The WHO algorithm recommends delaying presumptive anti-tuberculosis treatment for 3–5 days when rapid tests are non-diagnostic. Our study raises a concern that this delay is associated with an increase in early mortality. Trials40, 41, 42 of presumptive tuberculosis therapy in people with HIV had negative results but recruited ambulant (without danger signs) outpatients, and so will have largely excluded patients with M tuberculosis BSI, in whom the benefit of early empirical therapy is most likely.
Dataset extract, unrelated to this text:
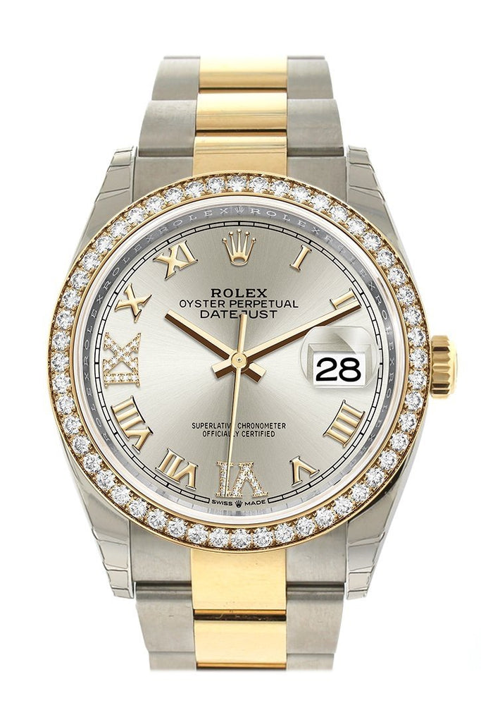 Rolex Datejust 36 Silver set with diamonds Dial Diamond Bezel Oyster Yellow Gold Two Tone Watch 126283RBR 126283 NP

M tuberculosis BSI accounts for a disproportionate burden of disease in seriously ill people with HIV. Tuberculosis remains the major cause of in-hospital death in HIV-positive adults; M tuberculosis BSI is a major predictor of this mortality. The risks, benefits, and utility of rapid diagnostics and empirical therapy for patients with HIV-associated M tuberculosis BSI are different from those of patients with non-bacteraemic HIV-associated tuberculosis and require specific evidence. Trials of tuberculosis treatment in people living with HIV have almost exclusively recruited sputum smear-positive ambulant outpatients. Consequently, there is a striking scarcity of data supporting current management of HIV-associated M tuberculosis BSI. Pragmatic interventional studies assessing early empiric treatment or intensified therapy strategies for M tuberculosis BSI are needed.